Smoke it direct (proves the pod) and through a budgeted virtual key (proves the gateway + metering),
then scale back to \$0:

```bash theme={"theme":{"light":"github-light","dark":"github-dark"}}
VLLM_KEY=$(kubectl -n serving get secret vllm-api-key -o jsonpath='{.data.api-key}' | base64 -d)
kubectl -n serving port-forward svc/coder-mini 18000:8000 &
curl -s http://127.0.0.1:18000/v1/chat/completions -H "Authorization: Bearer $VLLM_KEY" \
  -H "Content-Type: application/json" \
  -d '{"model":"qwen2.5-coder-3b-instruct","messages":[{"role":"user","content":"ping"}],"max_tokens":8}'
kubectl -n serving scale deploy/coder-mini --replicas=0
```

> **One GPU = one model at a time.** The reference deployment runs `GPUS_ALL_REGIONS=1` (a single L4).
> Each GPU model requests a whole `nvidia.com/gpu`, so a new GPU model cannot run concurrently with
> another until GPU time-slicing or a second GPU lands.

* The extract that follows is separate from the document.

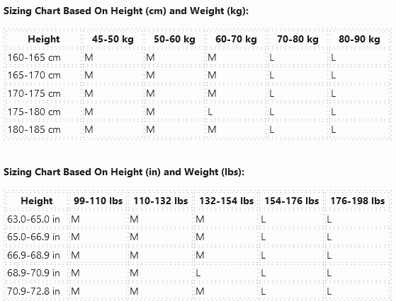 Sizing Chart Based On Height (cm) and Weight (kg):

Scale one down before bringing the next up.

## After adding a model

* Record it in the [model catalog](/reference/model-catalog) (backend, GPU, context, cost, eval).
* [Benchmark it](/guides/benchmarking) on your GPU and capture the run context.
* Tear the GPU back to \$0 (`make vllm-down` or `scale --replicas=0`) when done; an idle GPU bills.